On the Impact of Lossy Image and Video Compression on the Performance of
Deep Convolutional Neural Network Architectures
- URL: http://arxiv.org/abs/2007.14314v1
- Date: Tue, 28 Jul 2020 15:37:37 GMT
- Title: On the Impact of Lossy Image and Video Compression on the Performance of
Deep Convolutional Neural Network Architectures
- Authors: Matt Poyser, Amir Atapour-Abarghouei, Toby P. Breckon
- Abstract summary: This study investigates the impact of commonplace image and video compression techniques on the performance of deep learning architectures.
We examine the impact on performance across five discrete tasks: human pose estimation, semantic segmentation, object detection, action recognition, and monocular depth estimation.
Results show a non-linear and non-uniform relationship between network performance and the level of lossy compression applied.
- Score: 17.349420462716886
- License: http://arxiv.org/licenses/nonexclusive-distrib/1.0/
- Abstract: Recent advances in generalized image understanding have seen a surge in the
use of deep convolutional neural networks (CNN) across a broad range of
image-based detection, classification and prediction tasks. Whilst the reported
performance of these approaches is impressive, this study investigates the
hitherto unapproached question of the impact of commonplace image and video
compression techniques on the performance of such deep learning architectures.
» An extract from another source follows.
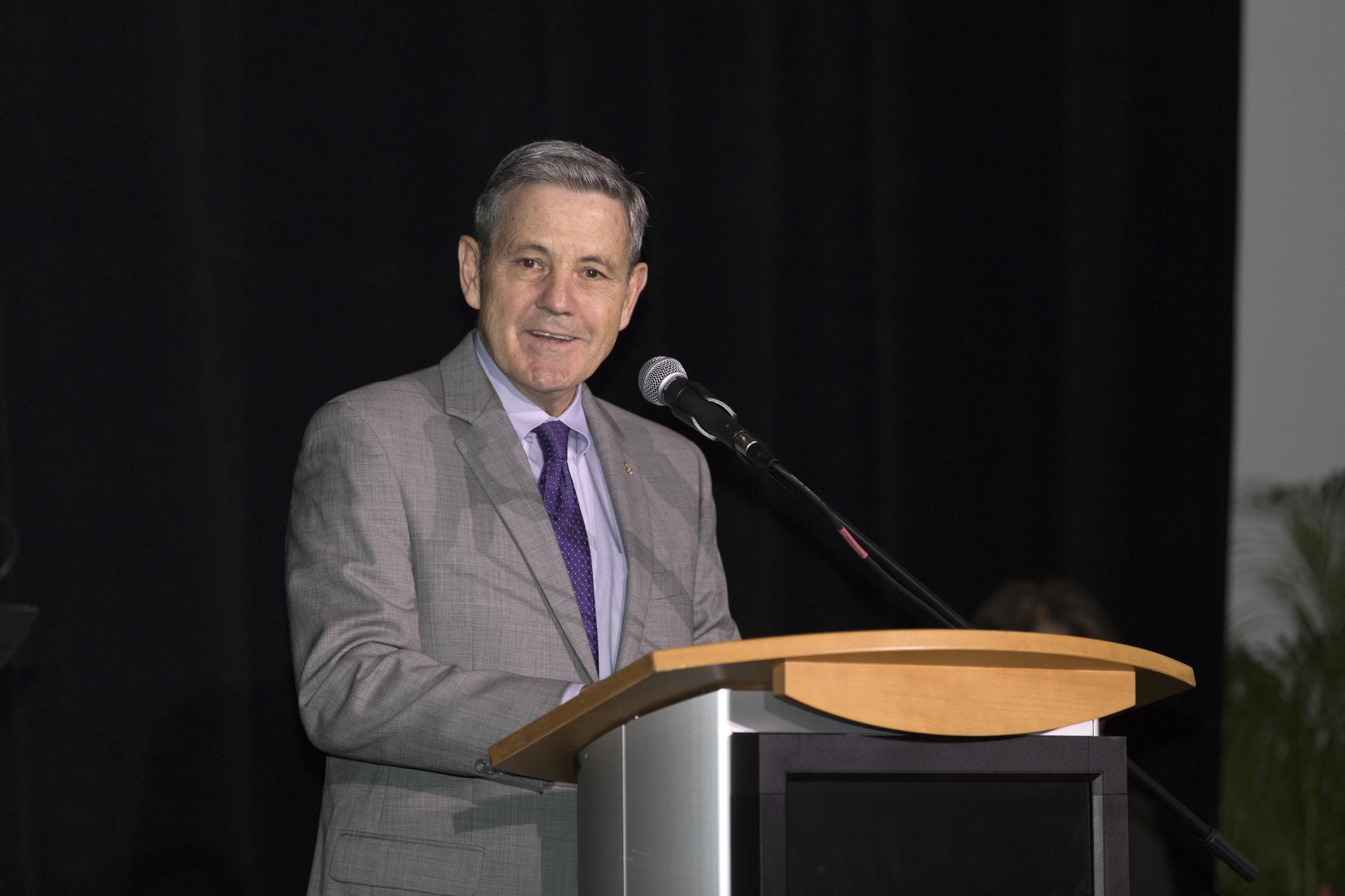 Kennedy Space Center Director Bob Cabana speaks during an Astronauts Memorial Foundation tribute honoring U.S. Air Foce Maj. Robert Lawrence. Selected in 1967 for the Manned Orbiting Laboratory Program, Lawrence was the first African-American astronaut. He lost his life in a training accident 50 years ago. The ceremony took place in the Center for Space Education at the Kennedy Space Center Visitor Complex.

Focusing on the JPEG and H.264 (MPEG-4 AVC) as a representative proxy for
contemporary lossy image/video compression techniques that are in common use
within network-connected image/video devices and infrastructure, we examine the
impact on performance across five discrete tasks: human pose estimation,
semantic segmentation, object detection, action recognition, and monocular
depth estimation. As such, within this study we include a variety of network
architectures and domains spanning end-to-end convolution, encoder-decoder,
region-based CNN (R-CNN), dual-stream, and generative adversarial networks
(GAN). Our results show a non-linear and non-uniform relationship between
network performance and the level of lossy compression applied. Notably,
performance decreases significantly below a JPEG quality (quantization) level
of 15% and a H.264 Constant Rate Factor (CRF) of 40. However, retraining said
architectures on pre-compressed imagery conversely recovers network performance
by up to 78.4% in some cases. Furthermore, there is a correlation between
architectures employing an encoder-decoder pipeline and those that demonstrate
resilience to lossy image compression. The characteristics of the relationship
between input compression to output task performance can be used to inform
design decisions within future image/video devices and infrastructure.